**Assignment**
All pictures are to be omitted while the lines starting at the line with "또 전체 제약사 시가" and ending at the line with "- Pest Control: Garlic" in the material below are retyped exactly, both ends included.

[Data to examine — start]

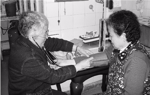 支部黨員馬慧芳給居民測(cè)血壓。
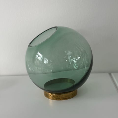 AYTM Globe vase i glas med aftagelig messingfod. Vasen er kugleformet med åbning i toppen og let grønlig glasfarve. Egnet til blomster, grene eller som dekorativt objekt. I original emballage.
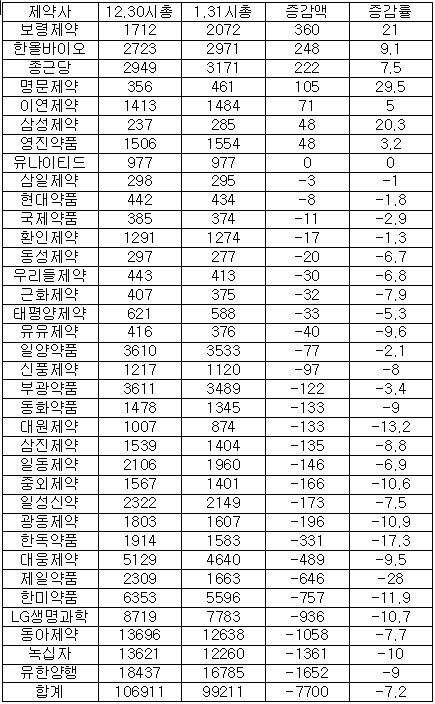 또 전체 제약사 시가 총액 합계는 10조 6991억원에서 9조 9211억원으로 7700억원 줄었다.
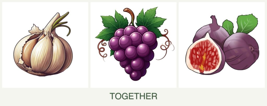 - Pest Control: Garlic acts as a natural pest deterrent, which can help protect grapes and figs from common pests.
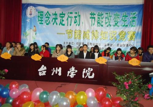 此次活动共分为节能减排宣传和环保知识竞赛两个项目。11月24号,协会成员在临海崇和门广场设点宣传,邀请过往行人观看宣传展板并在横幅上签名,还向行人发放由学校后勤处提供的节能环保宣传册和DVD等,通过协会理事及干事们的共同努力,现场行人络绎不绝,气氛十分活跃,俨然成了一道的亮丽风景线。12月6号下午2点,由各二级学院组建的15支代表队在椒江校区3207进行环保知识的比拼。比赛分快速回答、风险题、抢答题三个环节,经过前两轮的淘汰选拔,十支队伍进入了最后一轮的角逐。末轮的抢答赛更是高潮迭起,选手们的精彩表现赢得了应邀嘉宾及现场观众的阵阵掌声。最终生命学院代表队凭借出色的表现获得了一等奖,到场的嘉宾为获奖队伍颁发了证书,这些证书不仅是他们的辛勤努力的结果,更代表了他们对“低碳环保”事业的热爱与推崇。

[Data to examine — finish]

**Result of this task**
 또 전체 제약사 시가 총액 합계는 10조 6991억원에서 9조 9211억원으로 7700억원 줄었다.
 - Pest Control: Garlic acts as a natural pest deterrent, which can help protect grapes and figs from common pests.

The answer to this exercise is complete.